-------- Given material

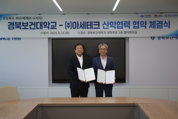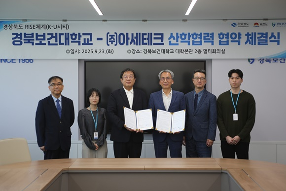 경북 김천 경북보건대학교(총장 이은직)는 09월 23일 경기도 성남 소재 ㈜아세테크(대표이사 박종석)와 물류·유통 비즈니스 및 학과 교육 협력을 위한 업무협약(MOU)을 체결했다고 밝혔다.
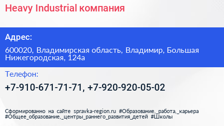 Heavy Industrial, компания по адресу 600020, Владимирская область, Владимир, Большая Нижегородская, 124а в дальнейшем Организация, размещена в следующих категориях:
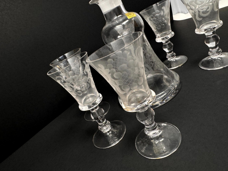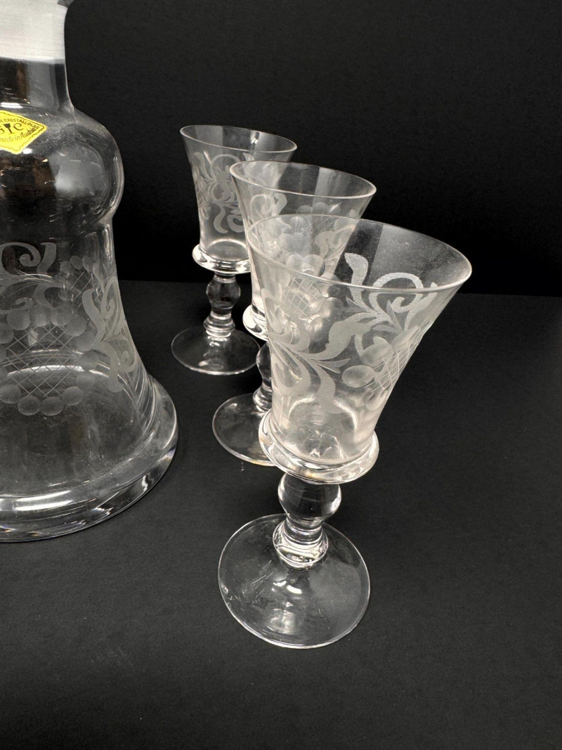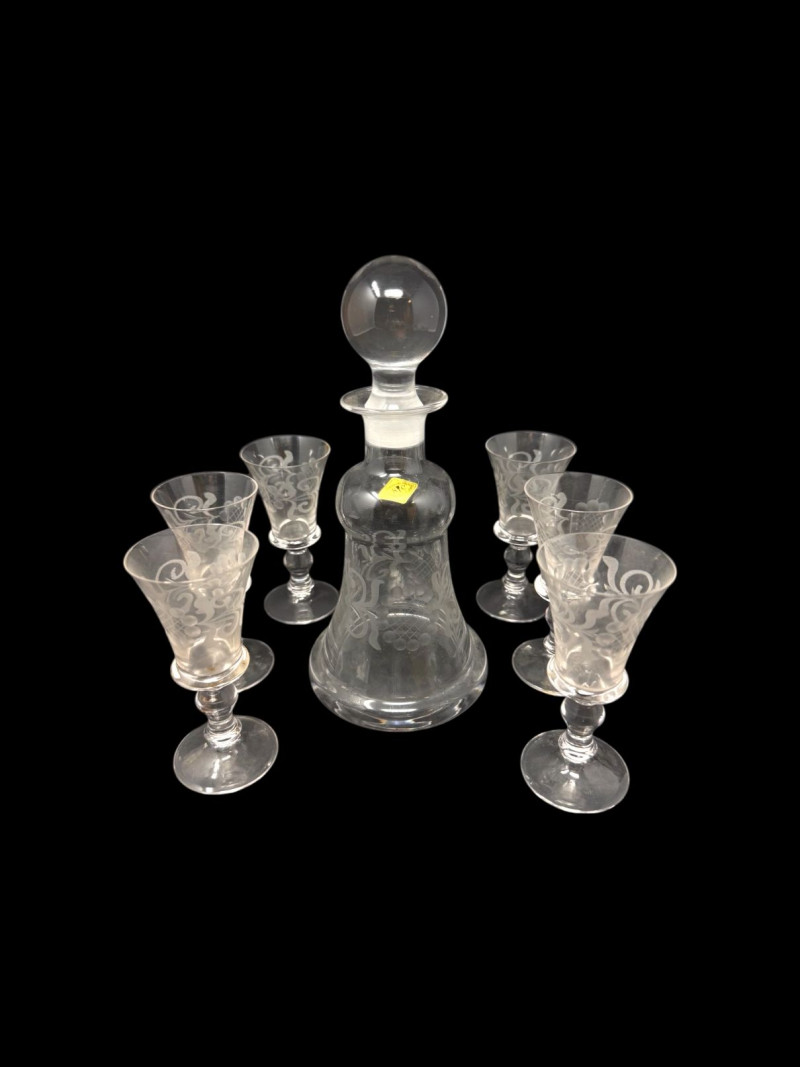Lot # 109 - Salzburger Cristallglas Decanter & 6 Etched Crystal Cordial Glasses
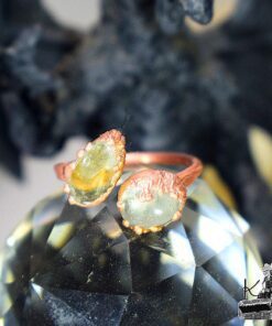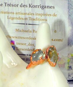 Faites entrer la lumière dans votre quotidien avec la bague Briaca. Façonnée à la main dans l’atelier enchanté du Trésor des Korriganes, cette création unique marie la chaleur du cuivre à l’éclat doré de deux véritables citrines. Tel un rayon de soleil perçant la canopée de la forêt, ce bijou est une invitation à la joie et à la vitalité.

----------------

Work required:
Without the pictures, return the whole of the data exactly as given.

Exercise answer:
 경북 김천 경북보건대학교(총장 이은직)는 09월 23일 경기도 성남 소재 ㈜아세테크(대표이사 박종석)와 물류·유통 비즈니스 및 학과 교육 협력을 위한 업무협약(MOU)을 체결했다고 밝혔다.
 Heavy Industrial, компания по адресу 600020, Владимирская область, Владимир, Большая Нижегородская, 124а в дальнейшем Организация, размещена в следующих категориях:
Lot # 109 - Salzburger Cristallglas Decanter & 6 Etched Crystal Cordial Glasses
 Faites entrer la lumière dans votre quotidien avec la bague Briaca. Façonnée à la main dans l’atelier enchanté du Trésor des Korriganes, cette création unique marie la chaleur du cuivre à l’éclat doré de deux véritables citrines. Tel un rayon de soleil perçant la canopée de la forêt, ce bijou est une invitation à la joie et à la vitalité.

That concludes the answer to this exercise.